I have found getting a cage mate for a rat fixes alot of problems, my girl Binx was solitary for awhile after my old girl zero died, she started to get more aggressive(not bad but noticably more), very bored even though I had her out for hours, she would destroy things really quickly, and she started to get very bad barbering habits and she would have patches of hair missing all over her body, I got her 2 babies and since she has never been alone and her barbering has gotten alot better, she only barbers her feet now but not as excessively. I believe he really needs a friend, rats have amazing bonds with eachother and love eachothers company, you may have him out very frequently but when you aren't home he will be lonely and bored. At first when you introduce him to a new friend he will squabble for abit, this will just be to see who is going to be alpha. This age is a good age to introduce at, he isnt to old yet.


----------



## Rumy91989 (Dec 31, 2012)

I think the issue is a combination of hormones and his need for a buddy. It is very stressful and frustrating for a rat to be on their own, because even if you have him out most of the day he's still locked up alone at night when he's most active.

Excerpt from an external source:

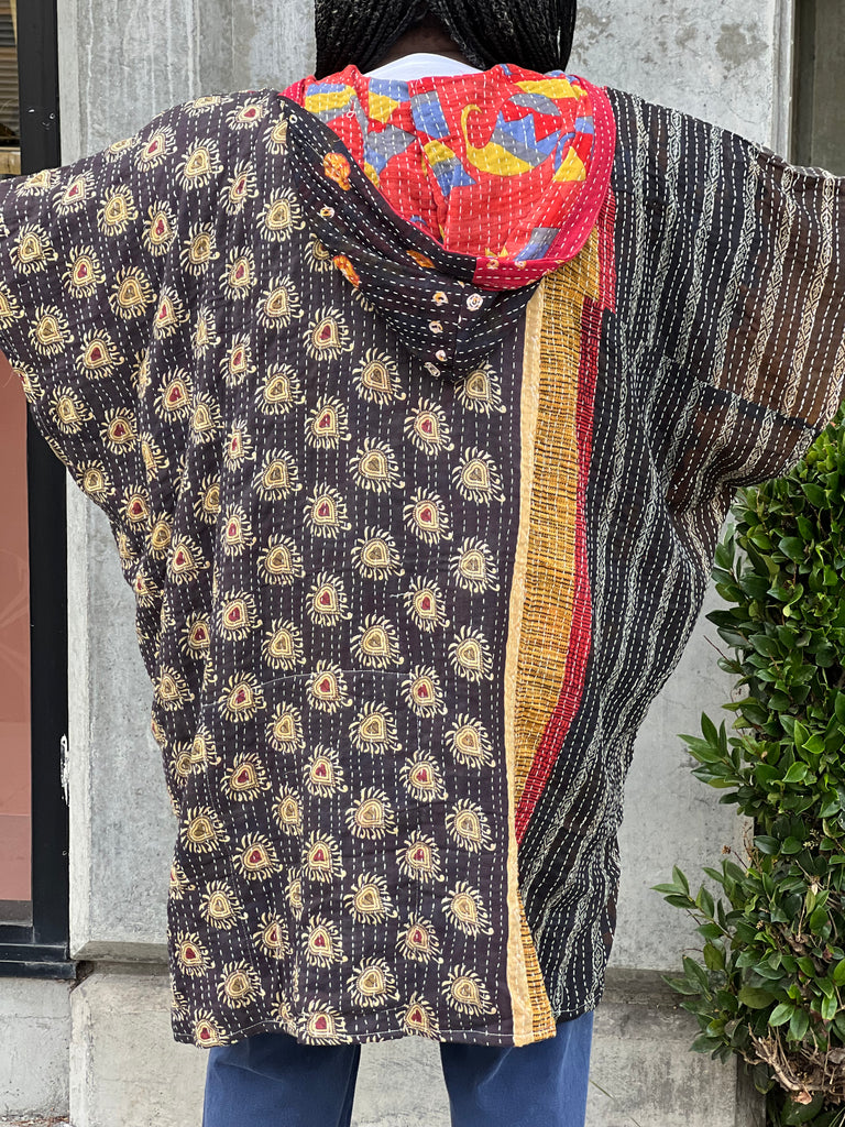 Crafted from pareo kantha stitched cotton sari this dream peace features a hood, two buttons, two slouchy big pockets and side slits for extra dimension. A timeless transitional piece that will transform any outfit into a lux boho moment!

He would also be able to comminucate with, bond with, and play with a ratty companion in ways that he cannot with you.

I have no doubt that you have a very special relationship, and this will not change, I promise.  His life will be more fulfilling with a ratty buddy, though. 

Since he is around 6 months you'll want to get him a companion that's about 2-3 months old so that it's small enough to not be percieved as a threat but big enough that it will be able to deal with the dominance scuffles. The key is to introduce them slowly and carefully, and within a few weeks you should have a very happy pair of boys that will love the heck out of you and each other.


----------



## Rat Daddy (Sep 25, 2011)

Single rats can work out, but only if you have the time to be his buddy every day, and most of the day and evening... I can actually picture a scenario where dropping another rat into his cage while he's going through puberty might actually cause problems.

Rats play fight for dominance, it can look pretty crazy but they don't draw blood. And you need to win every fight and skritch and hug your rat afterwards to show how much you appreciate him being loyal to you and "letting you win".

If he starts winning play fights, he will start thinking he's an alpha rat and that he is in charge, this will trigger the release of hormones that alpha rats need to be big and bad enough to protect their packs and those hormones in captivity can make him hostile and aggressive. So play fighting is fine and necessary, but the human losing play fights can trigger some very bad consequences.

With rats it's always important to be the alpha human, even if you are the most loving and cuddly alpha in the world... In a rat's brain status is everything and if you lose status he can't be your friend anymore.


----------



## StinkyRat (Apr 27, 2013)

Thanks for answering my question!


----------